EPICS Home

Experimental Physics and Industrial Control System


 
1994  1995  1996  1997  1998  1999  2000  2001  2002  2003  2004  2005  2006  2007  2008  2009  2010  2011  2012  2013  2014  2015  2016  2017  <20182019  2020  2021  2022  2023  2024  Index 1994  1995  1996  1997  1998  1999  2000  2001  2002  2003  2004  2005  2006  2007  2008  2009  2010  2011  2012  2013  2014  2015  2016  2017  <20182019  2020  2021  2022  2023  2024 
<== Date ==> <== Thread ==>

Subject: Re: EPICS CAS errors
From: Dirk Zimoch <[email protected]>
To: <[email protected]>
Date: Thu, 24 May 2018 18:11:04 +0200
Hi Oleg,

I have observed a similar crash today with EPICS 3.14.12.7.
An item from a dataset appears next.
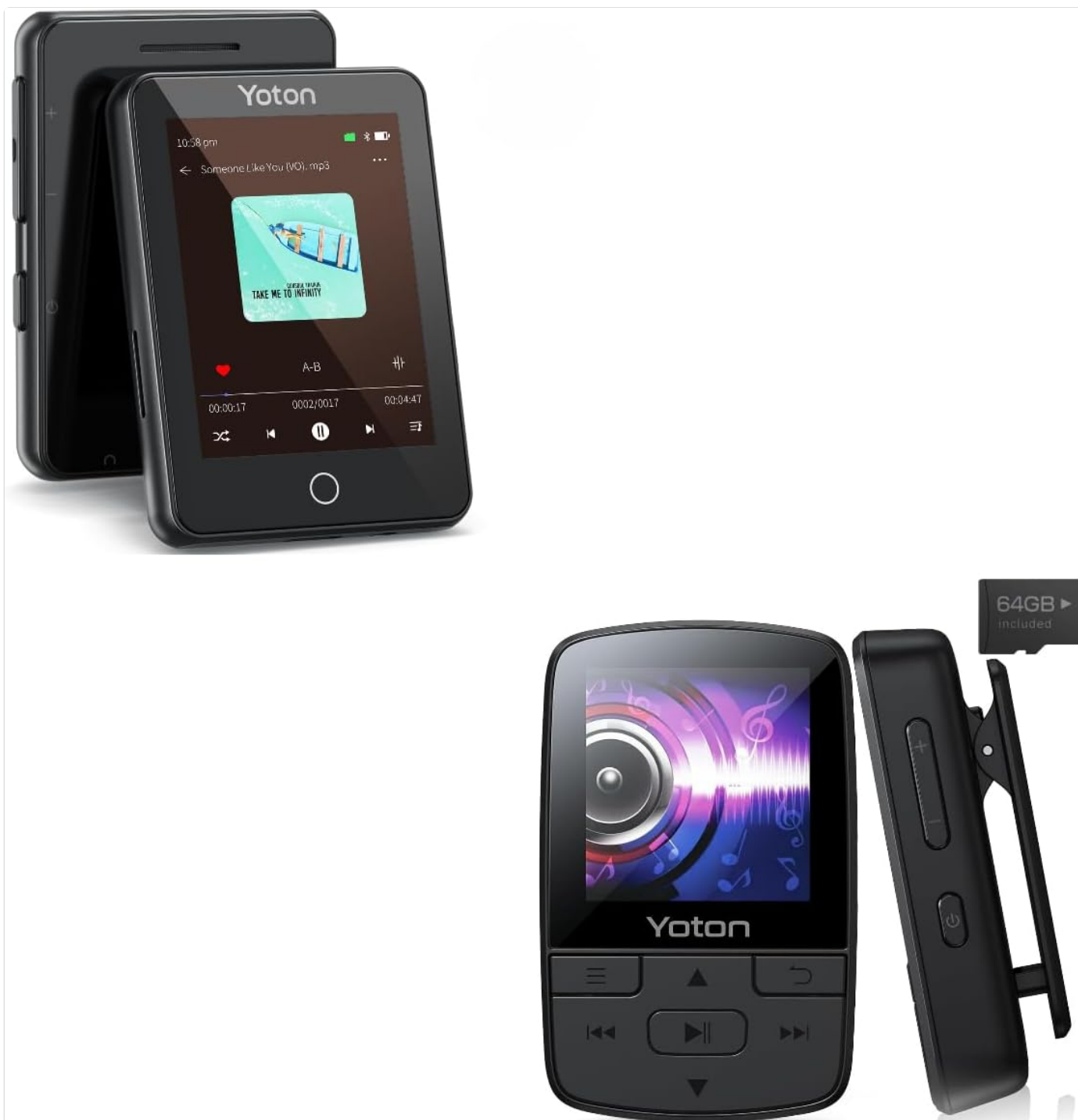
Figure 3.1: Front and side view of the YOTON MP3 Player. This image displays the device's main screen, navigation buttons, and side-mounted volume controls, highlighting its sleek, rectangular design.

CAS: request from 172.26.120.14:57787 => bad resource ID
CAS: Request from 172.26.120.14:57787 => cmmd=15 cid=0x26f7 type=10 count=1 postsize=0 CAS: Request from 172.26.120.14:57787 => available=0x76635 ^IN=0 paddr=(nil)
CAS: forcing disconnect from 172.26.120.14:57787

A call to 'assert(status == epicsMutexLockOK)'
    by thread 'CAS-client' failed in ../dbEvent.c line 531.
EPICS Release EPICS R3.14.12.7-DEV-2018-04.
Local time is 2018-05-24 15:45:05.435638450 CEST
Please E-mail this message to the author or to [email protected]
Calling epicsThreadSuspendSelf()
Thread CAS-client (0xb5c08258) suspended

Here the crash seems related to a CA failure as well. The same thread 'CAS-client' crashed.
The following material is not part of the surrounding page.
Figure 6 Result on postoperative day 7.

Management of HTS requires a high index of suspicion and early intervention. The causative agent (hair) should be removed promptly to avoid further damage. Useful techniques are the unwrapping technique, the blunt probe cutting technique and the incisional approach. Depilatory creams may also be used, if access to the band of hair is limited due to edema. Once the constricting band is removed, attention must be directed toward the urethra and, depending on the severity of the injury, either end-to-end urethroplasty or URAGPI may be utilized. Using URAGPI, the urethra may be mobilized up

In my case the crash is rare. Many "bad resource ID" errors can be generated without problem before one error causes the crash.

Meanwhile I suspect the following race condition:
While CAS-client is repeatedly locking mutexes in a loop, another thread destroys them. This makes epicsMutexMustLock() fail. At least a test that I wrote creates the same type of error message when doing exactly that:

creating mutex
locking mutex
creating thread
taking mutex
unlocking and destroying mutex now
destroying mutex done
unblocked
taking mutex

A call to 'assert(status == epicsMutexLockOK)'
    by thread 'blocked' failed in ../testmutex.c line 11.

In your case LOCKREC = epicsMutexMustLock((RECPTR)->mlok) fails.
In my case LOCKEVQUE = epicsMutexMustLock((EV_QUE)->writelock) fails.

I had first suspected that epicsMutexDestroy might destroy the mutex while the other thread is waiting on it, but in that case pthread_mutex_destroy would fail. (What I am missing in epicsMutexOsdDestroy() is to wait and retry as long as pthread_mutex_destroy returns EBUSY.) But that seems not to be the problem. Indeed if I change the test to destroy the locked mutex I get:

creating mutex
locking mutex
creating thread
taking mutex
destroying mutex now
epicsMutex pthread_mutex_destroy failed: error Device or resource busy
destroying mutex done

Now epicsMutexDestroy prints an error and finishes while the other thread is stuck in epicsMutexMustLock() and never wakes up. Also not the best behavior in my opinion. epicsMutexDestroy should wait until the mutex is free. This needs some more code in epicsMutexOsdDestroy. But that is not the problem here.

I think the problem is that mutexes used in dbEvent.c may be destroyed before the CAS-client thread has finished its work.

Maybe I will start digging a bit deeper into the dbEvent.c, posix/osdMutex.c and CAS-client code...

Dirk


On 09.04.2018 18:19, Oleg A. Makarov wrote:
Hi Jeffrey,

yesterday EPICS PVs updates stalled on one of our IOCs. IOC reboot solve the problem.
I am posting log messages from IOC console below. EPICS version is 3.15.5.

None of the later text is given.